Shinty played a key role in the development of sporting leisure activities in Scotland’s recent history.

Shinty is a sport entangled with Scottish history and culture. Shinty resembles field hockey in many ways, however, a key difference is that a player can use both sides of their stick, which is called a caman, to hit the ball. The ball can also be hit in the air. The historical origins of the sport that connect it to local communities in Scotland ensures that shinty lives in the minds of many Scots and is still a well-loved leisure activity for many.

Shinty became an organised sport as a result of greater industrialisation in Scotland and the increased mobility of the Scottish people. In Scotland, shinty was played by local communities and competitions were often against two different local communities. Somewhere along the line of shinty’s development as a sport, shinty was linked with training warriors and was seen as the ideal way to develop battle skills that would be needed in war. Since then, the shinty Premier Division league was formed in 1996 and involves ten teams. There are approximately 2,000 active shinty players in Scotland, and between 2,500 and 3,000 members of the Camanachd Association.

The distinction between work and leisure in 19th Century Scotland became sharper as a result of shift work, the introduction of Greenwich Mean Time in 1884, and the increased number of public leisure spaces meant that sporting events adapted to changes in capitalism and economics. A game of shinty takes 45 minutes to play and requires 12 players. Not only is a game of shinty economically time-friendly, but it instils a community work ethic into the players.

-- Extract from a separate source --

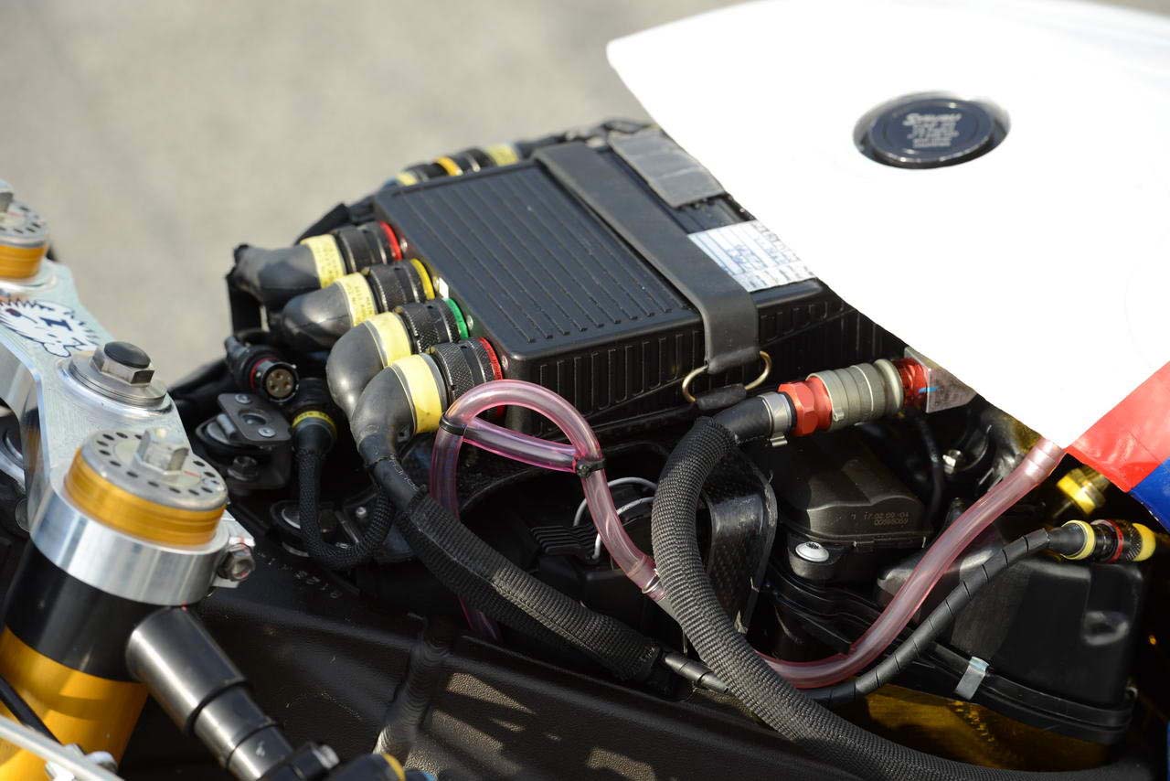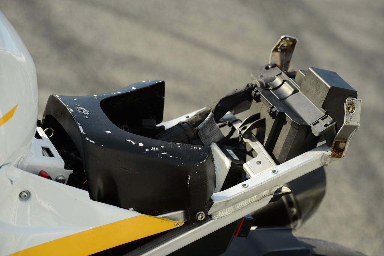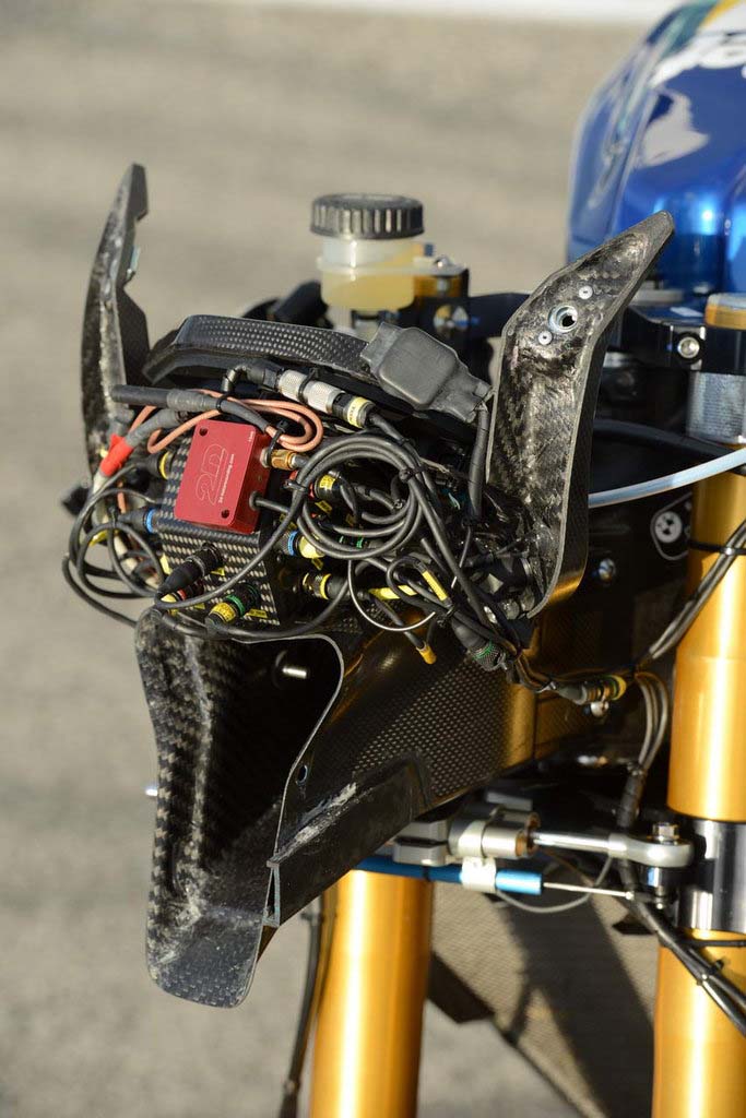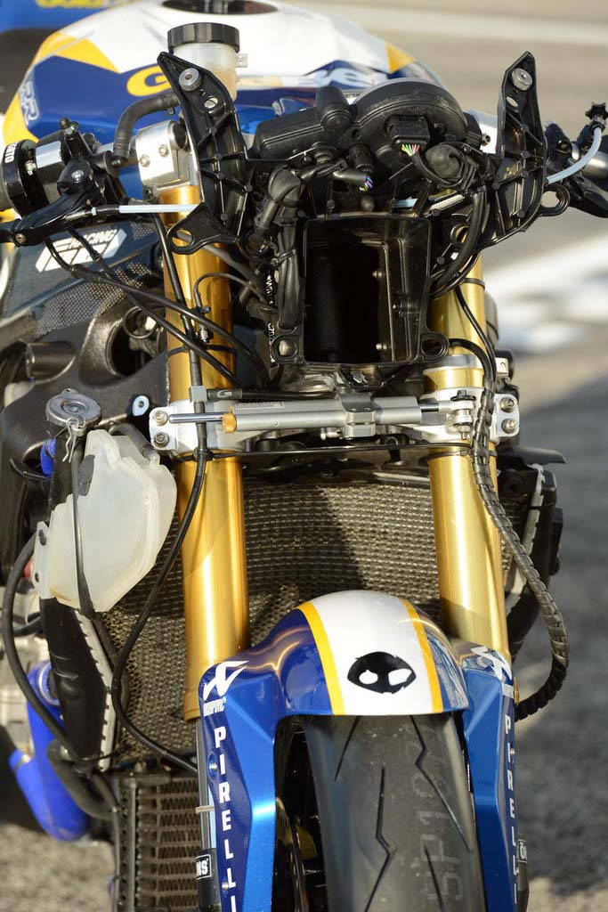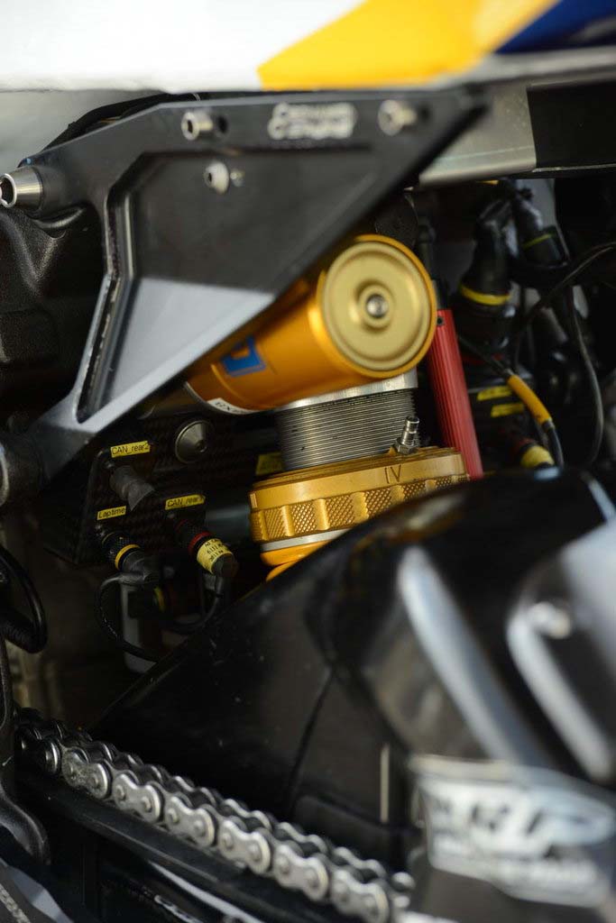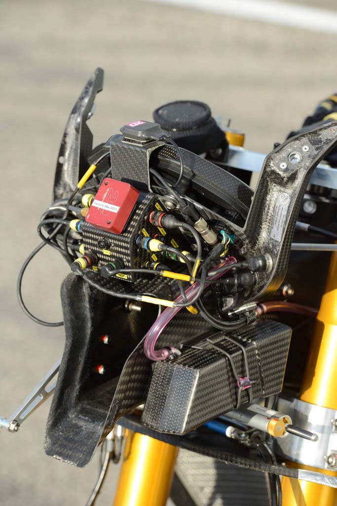 Michel’s suspension setting appears to me to be very well balanced and the motorcycle reminds me right of away of Ayrton Badovini’s bike which I tested in 2011. The suspension is set-up much softer when compared to Haslam’s bike, and this turns the Team BMW Motorrad Italia Goldbet motorcycle into a much easier bike to ride than the factory team bike. The downside of that equation is that in the slow turns the bike doesn’t offer the same confidence and feedback of the Haslam’s bike, especially when it comes to the front-end.

For 19th Century employers—and even in our own society—they saw the value of sports such as shinty which taught their players the benefits of great teamwork. Certainly in 19th Century Scotland, work and leisure spaces were interconnected despite a clearer line forming between the two. In today’s society, shinty is still loved and played by hundreds in Scotland and is a favourite leisure activity for many.

The Camanachd Association came into being in 1893 as the official government sporting body for shinty in Scotland. The association established a formal set of rules and provided a framework for organising shinty competitions at a national level.

Shinty also played a vital role in the development of ice hockey in Canada. When many Scots (along with other Brits and Irish) emigrated to Canada in the 18th and 19th Centuries, they continued to play shinty but did so on the icy surfaces in regions such as Nova Scotia. And so ice hockey developed. Its origins are a combination of hurling and shinty.

If you’re interested in becoming involved in the sport, Glasgow University Shinty Club is open to new members and runs sessions every Wednesday. For more information, check out their social media @GUShinty.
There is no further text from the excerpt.